WHAT TO PRODUCE: Give back the full listing exactly, setting the pictures aside.

STORED DATA:
╭──

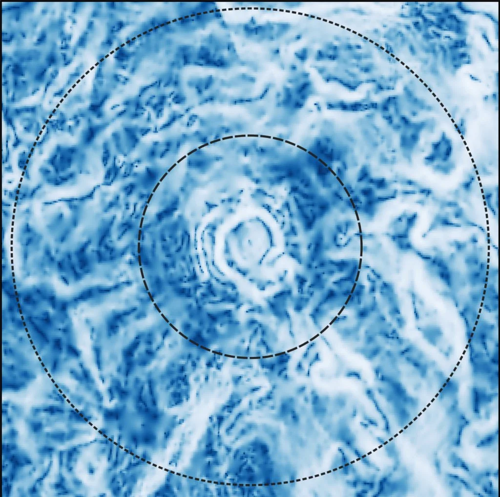 The gravity slope around the crater’s center shows a slight bullseye pattern, but farther out, the signal is lost to time. Credit: Huber et al. (2023), JGR Planets
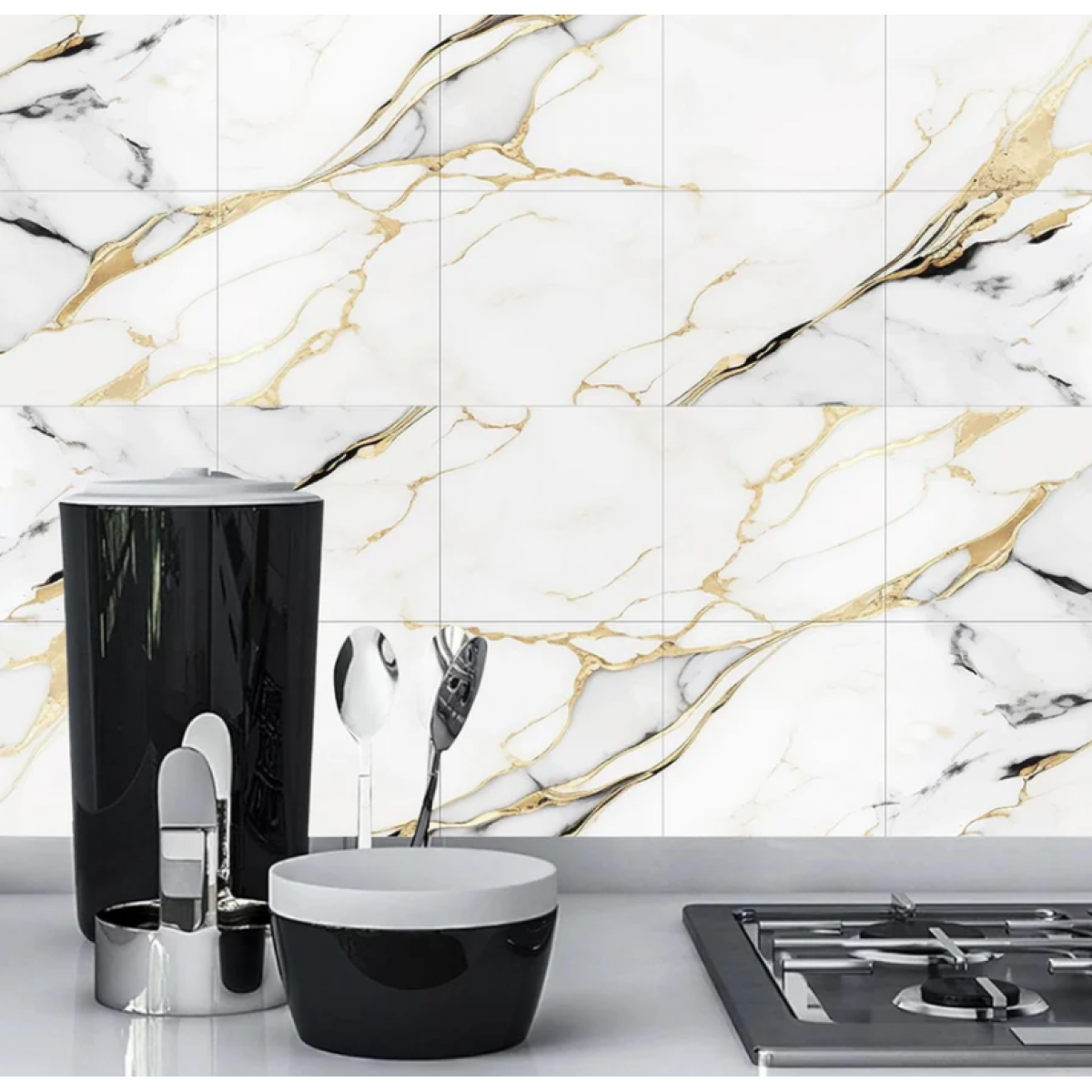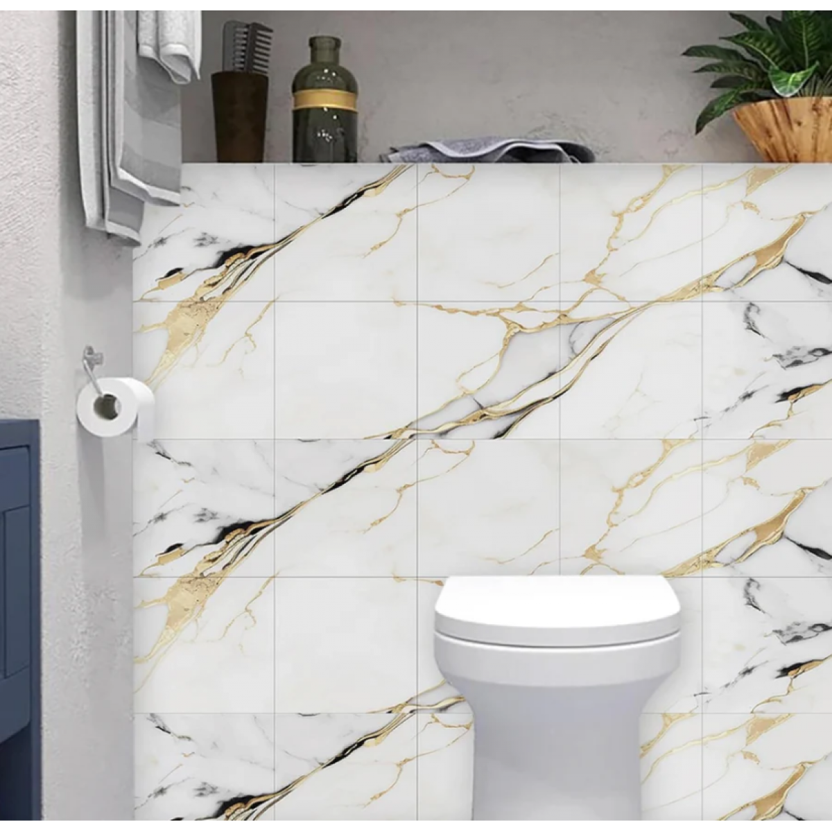 Enhance your interiors with this set of 10 modern marble-effect wall tiles, each measuring 30 x 30 cm. Crafted from durable PVC, these tiles offer a lightweight yet resilient solution that mimics the elegance of real marble without the maintenance. Ideal for stylish, water-resistant wall cladding in kitchens, bathrooms, or living spaces, they provide an easy-to-install option that combines aesthetic appeal with practical durability.
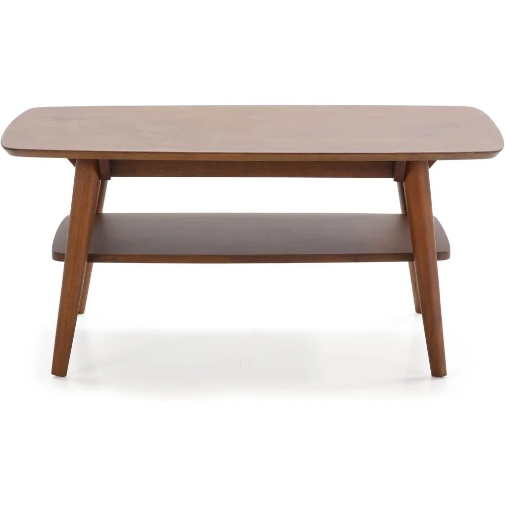 Cette table basse en bois de noyer au style moderne est à la fois élégante et fonctionnelle. Son design minimaliste et son étagère de rangement inférieure en font le meuble idéal pour votre salon.
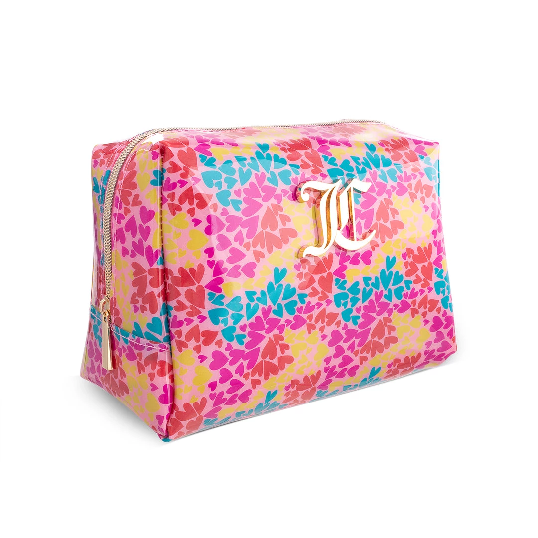 Classic wedge shaped cosmetic bag with a beautiful heart print and classic juicy hardware. We heart it and so will you!

╰──

FINISHED EXERCISE:
 The gravity slope around the crater’s center shows a slight bullseye pattern, but farther out, the signal is lost to time. Credit: Huber et al. (2023), JGR Planets
 Enhance your interiors with this set of 10 modern marble-effect wall tiles, each measuring 30 x 30 cm. Crafted from durable PVC, these tiles offer a lightweight yet resilient solution that mimics the elegance of real marble without the maintenance. Ideal for stylish, water-resistant wall cladding in kitchens, bathrooms, or living spaces, they provide an easy-to-install option that combines aesthetic appeal with practical durability.
 Cette table basse en bois de noyer au style moderne est à la fois élégante et fonctionnelle. Son design minimaliste et son étagère de rangement inférieure en font le meuble idéal pour votre salon.
 Classic wedge shaped cosmetic bag with a beautiful heart print and classic juicy hardware. We heart it and so will you!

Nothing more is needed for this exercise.